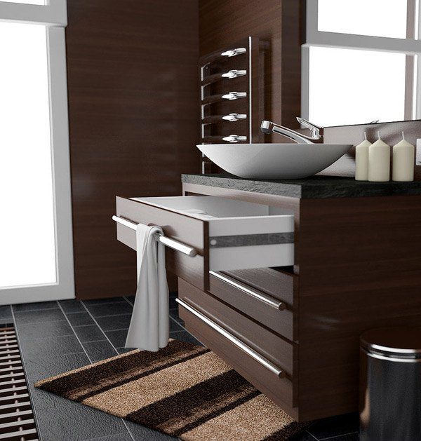 #4 Μπάνιο με διακόσμηση σκουρόχρωμου ξύλου
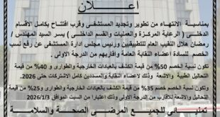 المهندس رمضان هلال النقيب العام يوصى برفع نسب الخصم بمستشفى الجيزة الدولى (التطبيقيين ) لأعضاء النقابة وأسرهم بداية من غدا السبت ٣ يناير ٢٠٢٦.
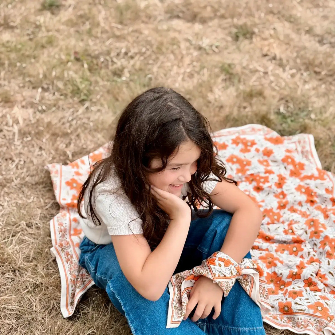 Ce foulard est confectionné artisanalement grâce à la technique indienne du block-print, les couleurs sont réalisées à partir de pigments naturels. Cette confection manuelle peut entraîner certaines irrégularités qui en font le charme en le rendant unique ♡
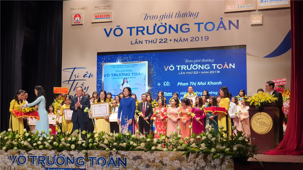 Cô Phan Thị Mai Khanh – Hiệu trưởng trường THCS Phú Định quận 6. Một trong 50 nhà giáo tiêu biểu của Thành phố Hồ Chí Minh được vinh danh Giải thưởng Võ Trường Toản.
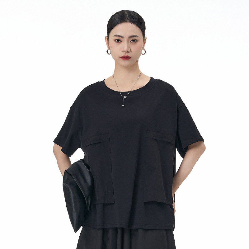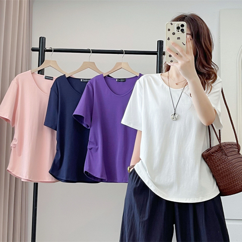 オリジナルスプライシング純綿半袖 Tシャツ 2025 夏の新大きいサイズの女性のルーズでスリムな韓国スタイルのトップ 80058
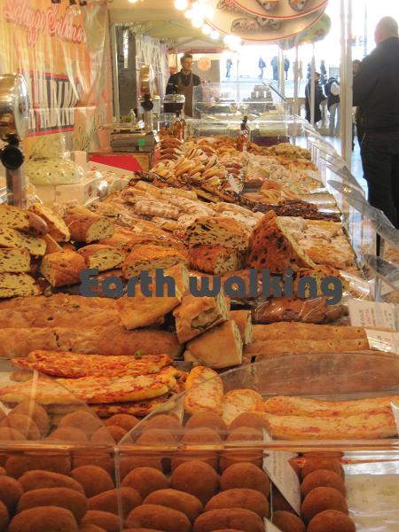 橋を渡ってすぐのところにはちょっとしたマーケットがひらかれていて、焼きたてのパンや、オリーブ、その他の香辛料などが売っていました。どれもおいしそう。。。昼飯を食べたばっかりだったので、何も買わなかったけど。
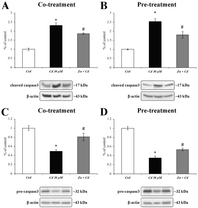 Cadmium (Cd) is a well-known occupational and environmental pollutant worldwide, and its toxicity is widely recognised. Cd is reported to increase the permeability of the blood–brain barrier (BBB) and to penetrate and accumulate in the brain. Although many lines of evidence show that Cd toxicity is induced by different mechanisms, one of the best known is the Cd-dependent production of reactive oxygen species (ROS). Zinc is a trace element known as coenzyme and cofactor for many antioxidant proteins, such as metallothioneins and superoxide dismutase enzymes. To date, very little is known about the role of Zn in preventing Cd-induced blood–brain barrier (BBB) alterations. The goal of this study was to test the Zn antioxidant capacity against Cd-dependent alterations in a rat brain endothelial cell line (RBE4), as an in vitro model for BBB. In order to mimic acute Cd poisoning, RBE4 cells were treated with CdCl2 30 µM for 24 h. The protective role of ZnCl2 (50 µM) was revealed by evaluating the cell viability, reactive oxygen species (ROS) quantification, cytochrome C distribution, and the superoxide dismutase (SOD) protein activity. Additionally, the effectiveness of Zn in counteracting the Cd-induced damage was investigated by evaluating the expression levels of proteins already known to be involved in the Cd signalling pathway, such as GRP78 (an endoplasmic reticulum (ER) stress protein), caspase3 pro- and cleaved forms, and BAX. Finally, we evaluated if Zn was able to attenuate the alterations of zonula occludens-1 (ZO-1), one of the tight-junction (TJ) proteins involved in the formation of the BBB. Our data clearly demonstrate that Zn, by protecting from the SOD activity impairment induced by Cd, is able to prevent the triggering of the Cd-dependent signalling pathway that leads to ZO-1 dislocation and downregulation, and BBB damage.

================================

# [TASK BRIEF]
Every word of the material, and none of its pictures, should be set down again.

# [EXERCISE OUTPUT]
 #4 Μπάνιο με διακόσμηση σκουρόχρωμου ξύλου
 المهندس رمضان هلال النقيب العام يوصى برفع نسب الخصم بمستشفى الجيزة الدولى (التطبيقيين ) لأعضاء النقابة وأسرهم بداية من غدا السبت ٣ يناير ٢٠٢٦.
 Ce foulard est confectionné artisanalement grâce à la technique indienne du block-print, les couleurs sont réalisées à partir de pigments naturels. Cette confection manuelle peut entraîner certaines irrégularités qui en font le charme en le rendant unique ♡
 Cô Phan Thị Mai Khanh – Hiệu trưởng trường THCS Phú Định quận 6. Một trong 50 nhà giáo tiêu biểu của Thành phố Hồ Chí Minh được vinh danh Giải thưởng Võ Trường Toản.
 オリジナルスプライシング純綿半袖 Tシャツ 2025 夏の新大きいサイズの女性のルーズでスリムな韓国スタイルのトップ 80058
 橋を渡ってすぐのところにはちょっとしたマーケットがひらかれていて、焼きたてのパンや、オリーブ、その他の香辛料などが売っていました。どれもおいしそう。。。昼飯を食べたばっかりだったので、何も買わなかったけど。
 Cadmium (Cd) is a well-known occupational and environmental pollutant worldwide, and its toxicity is widely recognised. Cd is reported to increase the permeability of the blood–brain barrier (BBB) and to penetrate and accumulate in the brain. Although many lines of evidence show that Cd toxicity is induced by different mechanisms, one of the best known is the Cd-dependent production of reactive oxygen species (ROS). Zinc is a trace element known as coenzyme and cofactor for many antioxidant proteins, such as metallothioneins and superoxide dismutase enzymes. To date, very little is known about the role of Zn in preventing Cd-induced blood–brain barrier (BBB) alterations. The goal of this study was to test the Zn antioxidant capacity against Cd-dependent alterations in a rat brain endothelial cell line (RBE4), as an in vitro model for BBB. In order to mimic acute Cd poisoning, RBE4 cells were treated with CdCl2 30 µM for 24 h. The protective role of ZnCl2 (50 µM) was revealed by evaluating the cell viability, reactive oxygen species (ROS) quantification, cytochrome C distribution, and the superoxide dismutase (SOD) protein activity. Additionally, the effectiveness of Zn in counteracting the Cd-induced damage was investigated by evaluating the expression levels of proteins already known to be involved in the Cd signalling pathway, such as GRP78 (an endoplasmic reticulum (ER) stress protein), caspase3 pro- and cleaved forms, and BAX. Finally, we evaluated if Zn was able to attenuate the alterations of zonula occludens-1 (ZO-1), one of the tight-junction (TJ) proteins involved in the formation of the BBB. Our data clearly demonstrate that Zn, by protecting from the SOD activity impairment induced by Cd, is able to prevent the triggering of the Cd-dependent signalling pathway that leads to ZO-1 dislocation and downregulation, and BBB damage.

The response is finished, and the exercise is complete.